We follow the approach known as group fairness, which asks: Which groups of individuals are at risk for experiencing harms? The relevant groups need to be specified by the data scientist and are application specific.
Group fairness is formalized by a set of constraints, which require that some aspect (or aspects) of the AI system's behavior be comparable across the groups. The fairlearn package enables assessment and mitigation of unfairness under several common definitions. To learn more about our definitions of fairness, please visit our terminology page.
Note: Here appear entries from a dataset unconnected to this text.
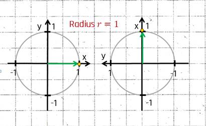 Damit wir dieselbe Vorgehensweise wie beim Sinus verwenden können drehen wir das Koordinatensystem mit Kreis um 90° nach links.
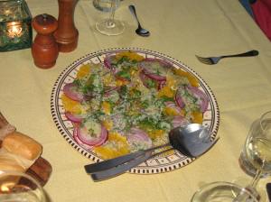 Note: if you prefer your salads served in a bowl, you can use the same ingredients but cut the oranges and onions into cubes and toss all together with the dressing.
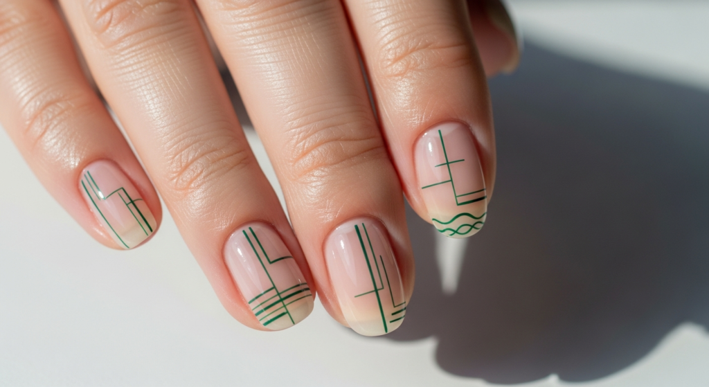 Fine green lines over a nude base create a clean, contemporary design.
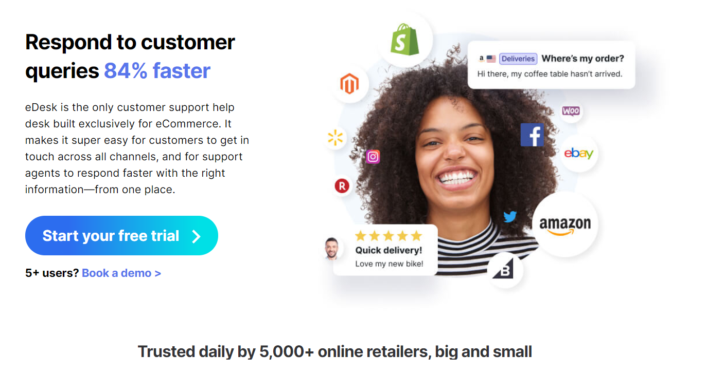 eDeskは、eコマース販売者向けに作成された唯一の接続されたAIを利用したヘルプデスクです。 すべての主要な市場およびチャネルと統合され、時間、お金、および頭痛の種を節約します。 14日間無料でお試しください。

Note: Fairness is fundamentally a sociotechnical challenge. Many aspects of fairness, such as justice and due process, are not captured by quantitative fairness metrics. Furthermore, there are many quantitative fairness metrics which cannot all be satisfied simultaneously. Our goal is to enable humans to assess different mitigation strategies and then make trade-offs appropriate to their scenario.
Overview of fairlearn
The fairlearn
package contains the following algorithms for mitigating unfairness in binary classification and regression:
algorithm | description | classification/regression | sensitive features | supported fairness definitions |
---|---|---|---|---|
fairlearn. reductions. ExponentiatedGradient |
Black-box approach to fair classification described in A Reductions Approach to Fair Classification | binary classification | categorical | DP, EO |
fairlearn. reductions. GridSearch |
Black-box approach described in Section 3.4 of A Reductions Approach to Fair Classification | binary classification | binary | DP, EO |
fairlearn. reductions. GridSearch |
Black-box approach that implements a grid-search variant of the algorithm described in Section 5 of Fair Regression: Quantitative Definitions and Reduction-based Algorithms | regression | binary | BGL |
fairlearn. postprocessing. ThresholdOptimizer |
Postprocessing algorithm based on the paper Equality of Opportunity in Supervised Learning. This technique takes as input an existing classifier and the sensitive feature, and derives a monotone transformation of the classifier's prediction to enforce the specified parity constraints. | binary classification | categorical | DP, EO |
Note: DP refers to demographic parity, EO to equalized odds, and BGL to bounded group loss. For more information on these and other terms we use in this repository please refer to the terminology page. To request additional algorithms or fairness definitions, please open a new issue.
Install fairlearn
The package can be installed via
pip install fairlearn
or optionally with a full feature set by adding extras, e.g. pip install fairlearn[customplots]
.
or you can clone the repository locally via
git clone git@github.com:fairlearn/fairlearn.git
To verify that the cloned repository works (the pip package does not include the tests), run
pip install -r requirements.txt
python -m pytest -s ./test/unit
Onboarding guide for users of version 0.2 or earlier
Up to version 0.2, fairlearn contained only the exponentiated gradient method. The fairlearn repository now has a more comprehensive scope and aims to incorporate other methods as specified above. The same exponentiated gradient technique is now the class fairlearn.reductions.ExponentiatedGradient
. While in the past exponentiated gradient was invoked via
import numpy as np
from fairlearn.classred import expgrad
from fairlearn.moments import DP
estimator = LogisticRegression() # or any other estimator
exponentiated_gradient_result = expgrad(X, sensitive_features, y, estimator, constraints=DP())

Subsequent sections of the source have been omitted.